[Source data]
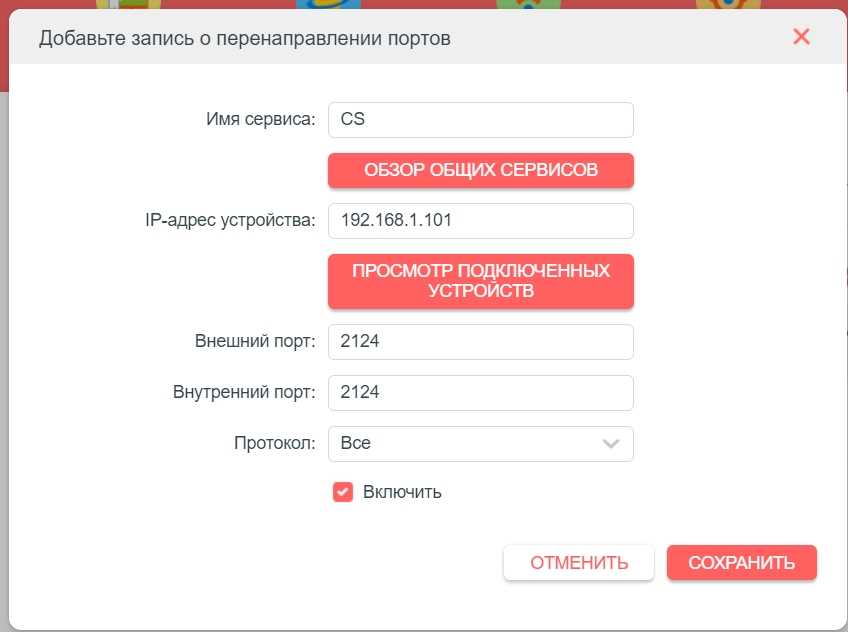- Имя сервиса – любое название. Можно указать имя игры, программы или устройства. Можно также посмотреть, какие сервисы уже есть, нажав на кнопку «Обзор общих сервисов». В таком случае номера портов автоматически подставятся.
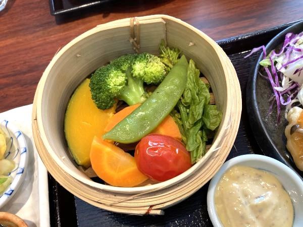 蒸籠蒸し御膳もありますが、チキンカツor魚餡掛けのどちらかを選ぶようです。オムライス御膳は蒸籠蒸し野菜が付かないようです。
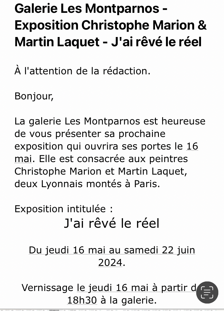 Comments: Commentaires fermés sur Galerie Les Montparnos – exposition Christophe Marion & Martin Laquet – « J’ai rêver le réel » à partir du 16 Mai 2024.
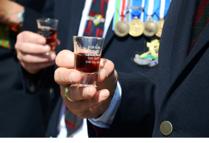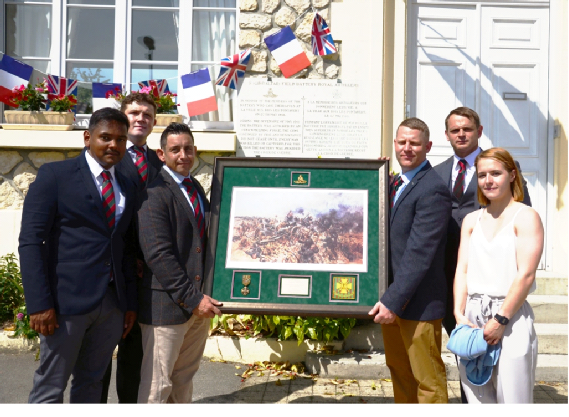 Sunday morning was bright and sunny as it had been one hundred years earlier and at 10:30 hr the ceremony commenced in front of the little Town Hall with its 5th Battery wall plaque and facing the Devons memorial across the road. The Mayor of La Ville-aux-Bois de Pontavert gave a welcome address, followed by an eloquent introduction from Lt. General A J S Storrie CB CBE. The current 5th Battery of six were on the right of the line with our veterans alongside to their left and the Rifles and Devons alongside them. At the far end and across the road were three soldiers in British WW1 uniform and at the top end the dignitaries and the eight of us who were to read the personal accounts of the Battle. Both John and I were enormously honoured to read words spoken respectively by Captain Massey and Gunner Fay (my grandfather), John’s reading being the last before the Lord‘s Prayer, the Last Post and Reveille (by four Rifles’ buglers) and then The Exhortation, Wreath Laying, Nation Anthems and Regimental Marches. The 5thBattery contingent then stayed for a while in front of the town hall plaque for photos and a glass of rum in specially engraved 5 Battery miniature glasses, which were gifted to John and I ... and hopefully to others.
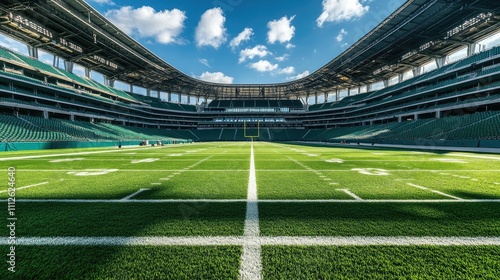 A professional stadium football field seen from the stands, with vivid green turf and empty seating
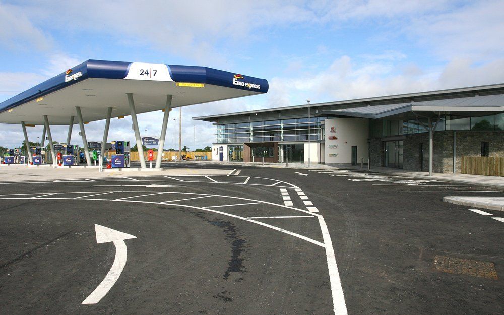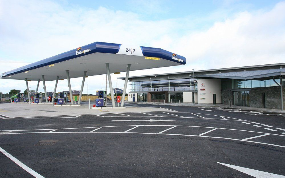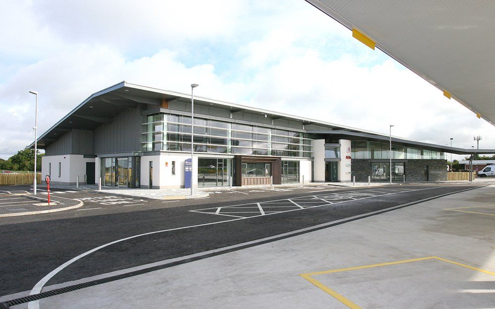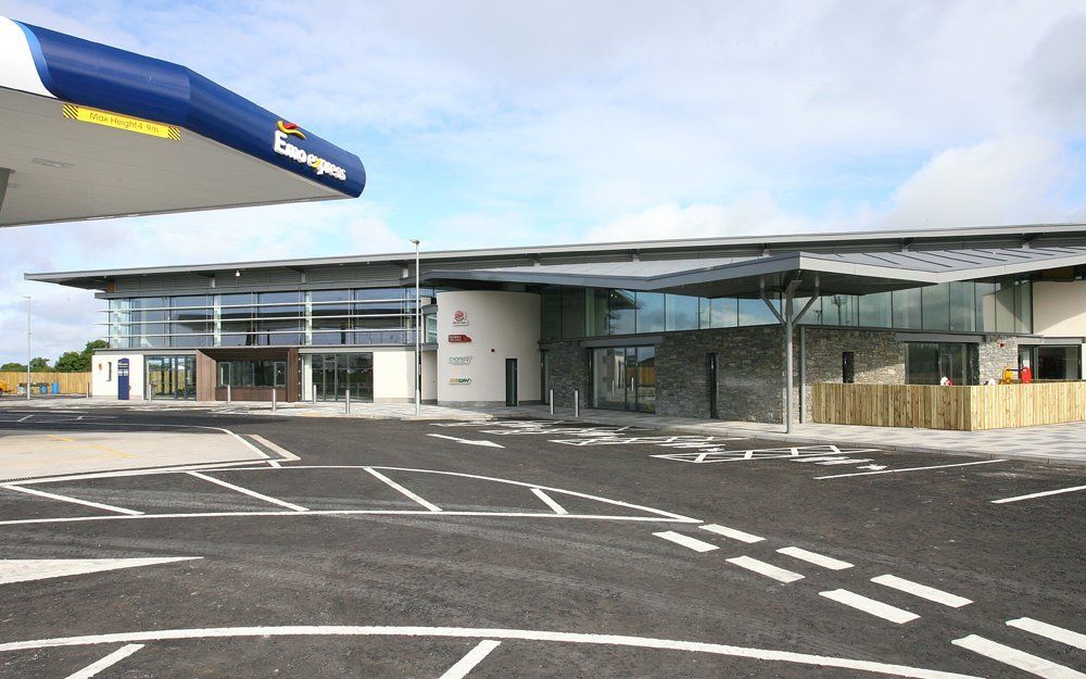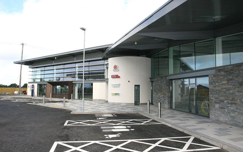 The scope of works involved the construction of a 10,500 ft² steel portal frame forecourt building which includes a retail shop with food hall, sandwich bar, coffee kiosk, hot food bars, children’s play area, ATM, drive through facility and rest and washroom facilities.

DESCRIPTION OF THE TASK
Without the pictures, set down every entry exactly.

THE COMPLETED TASK
- Имя сервиса – любое название. Можно указать имя игры, программы или устройства. Можно также посмотреть, какие сервисы уже есть, нажав на кнопку «Обзор общих сервисов». В таком случае номера портов автоматически подставятся.
 蒸籠蒸し御膳もありますが、チキンカツor魚餡掛けのどちらかを選ぶようです。オムライス御膳は蒸籠蒸し野菜が付かないようです。
 Comments: Commentaires fermés sur Galerie Les Montparnos – exposition Christophe Marion & Martin Laquet – « J’ai rêver le réel » à partir du 16 Mai 2024.
 Sunday morning was bright and sunny as it had been one hundred years earlier and at 10:30 hr the ceremony commenced in front of the little Town Hall with its 5th Battery wall plaque and facing the Devons memorial across the road. The Mayor of La Ville-aux-Bois de Pontavert gave a welcome address, followed by an eloquent introduction from Lt. General A J S Storrie CB CBE. The current 5th Battery of six were on the right of the line with our veterans alongside to their left and the Rifles and Devons alongside them. At the far end and across the road were three soldiers in British WW1 uniform and at the top end the dignitaries and the eight of us who were to read the personal accounts of the Battle. Both John and I were enormously honoured to read words spoken respectively by Captain Massey and Gunner Fay (my grandfather), John’s reading being the last before the Lord‘s Prayer, the Last Post and Reveille (by four Rifles’ buglers) and then The Exhortation, Wreath Laying, Nation Anthems and Regimental Marches. The 5thBattery contingent then stayed for a while in front of the town hall plaque for photos and a glass of rum in specially engraved 5 Battery miniature glasses, which were gifted to John and I ... and hopefully to others.
 A professional stadium football field seen from the stands, with vivid green turf and empty seating
 The scope of works involved the construction of a 10,500 ft² steel portal frame forecourt building which includes a retail shop with food hall, sandwich bar, coffee kiosk, hot food bars, children’s play area, ATM, drive through facility and rest and washroom facilities.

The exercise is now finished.